Let us delete an entry and then run count aggregate function again to see if we get the result different. Let us delete the entry for Afghanistan for data 2020-1-22 which is row 0 in our original data frame. Let us drop the row 0 in our dataframe using df.drop method.

In [14]:
df.drop([0],inplace=True)
In [15]:
df.head(1)
Out[15]:
country date confirmed deaths recovered
1 Afghanistan 2020-1-23 0 0 0

Ok now our dataframe starts from row 1. Let us run the count aggregate function again.

In [16]:
pd.pivot_table(df,index=['country'],aggfunc='count').head(2)
Out[16]:
confirmed date deaths recovered
country
Afghanistan 106 106 106 106
Albania 107 107 107 107

There you go,we got a different count number for the country Aghanistan covid 19 cases.

How to access rows by multiple Indexes in Python Pivot Table

We can select the rows by the index name. Let us say we want to see covid19 cases of USA on date march 30. We can use Pandas loc function to select the row as shown below.

In [17]:
pivoted_m.loc['US','2020-3-30']
Out[17]:
confirmed    161831
deaths         4192
recovered      5644
Name: (US, 2020-3-30), dtype: int64

Our pivoted table has two levels. We can access the index level values by dataframe.index.levels function.

Let us access the level 0 which is country index and see how many countries we have in our dataframe.

In [18]:
len(pivoted_m.index.levels[0])
Out[18]:
187

we have 187 countries in our dataframe.

Lets us check how many dates we have in our dataframe.

In [19]:
len(pivoted_m.index.levels[1])
Out[19]:
107

So we have more than three months of corona virus cases worth of data.
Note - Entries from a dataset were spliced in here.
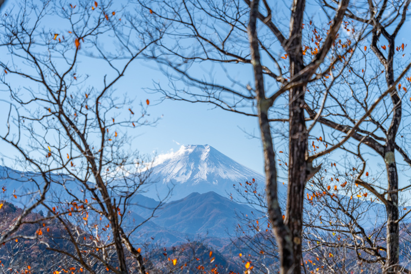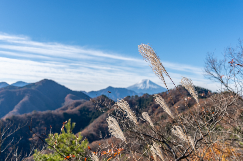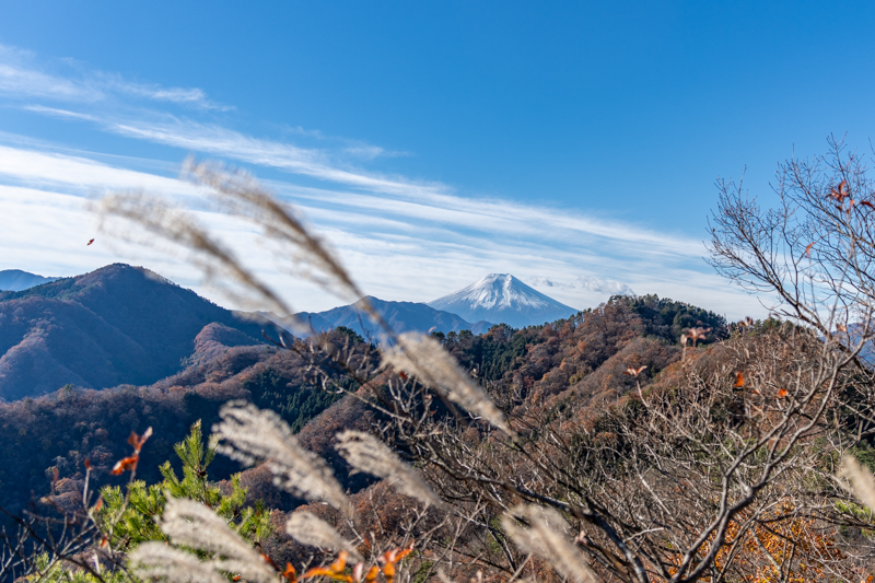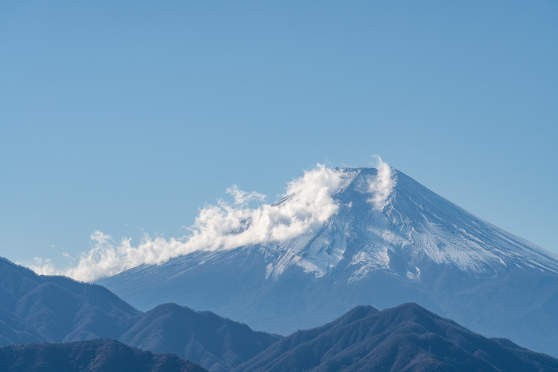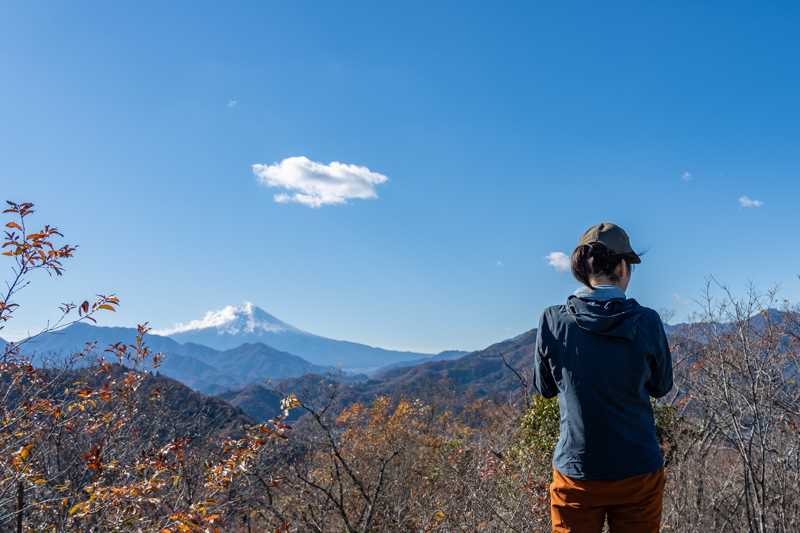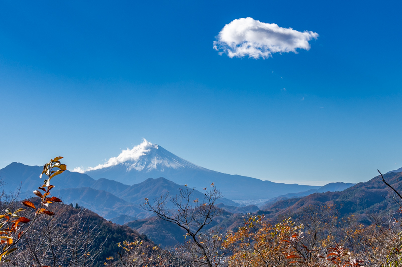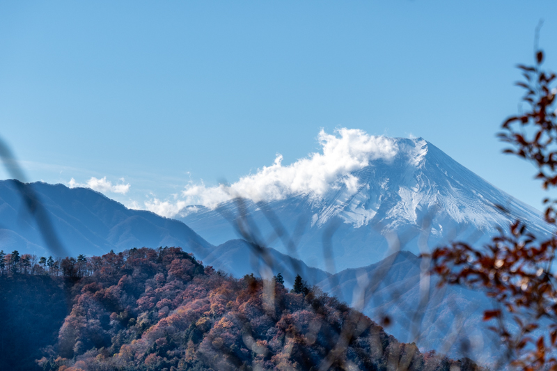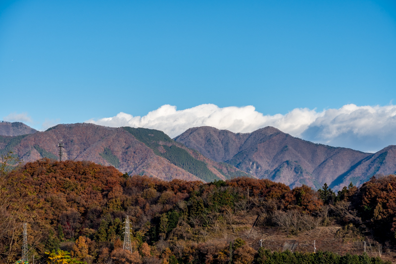 すぐに北側に百蔵山、扇山の稜線に雲がかかる美しい風景に立ち止まる
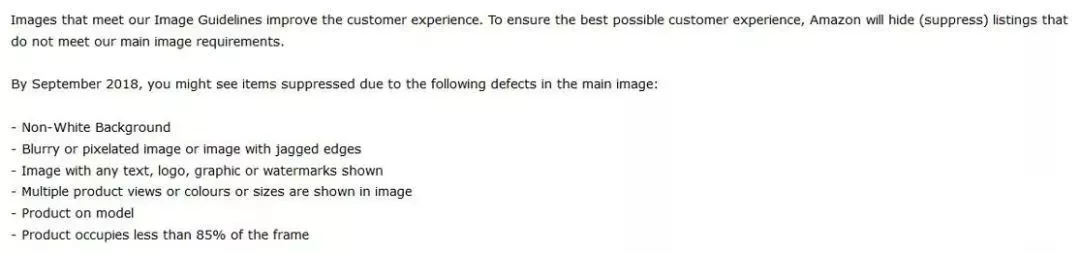 现在有卖家已经收到亚马逊的邮件通知,截止9月,如果卖家产品图片不符合以下要求,其相关产品将被屏蔽:
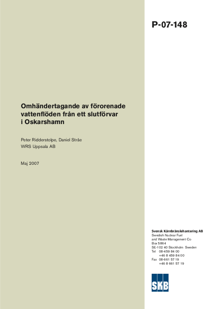 Omhändertagande av förorenade vattenflöden från ett slutförvar i Oskarshamn

Plot Python pivot table using Matplotlib

Let us see now, how we can plot the pivot tables data using matplotlib.

In [20]:
from matplotlib import pyplot as plt
In [21]:
ax = pivoted_m.loc['US']['confirmed'].plot.bar()
for i, t in enumerate(ax.get_xticklabels()):
    if (i % 5) != 0:
        t.set_visible(False)

There were not enough cases in US before March 30, let us just filter the data to after march 30.

In [24]:
ax = pivoted_m.loc[('US', '2020-3-30'):('US', '2020-5-7')]['confirmed'].plot.bar()
for i, t in enumerate(ax.get_xticklabels()):
    if (i % 5) != 0:
        t.set_visible(False)

Wrap Up!

Pivot tables are very powerful data structure in Python Pandas. There is much more this that can be done with Python pivot tables.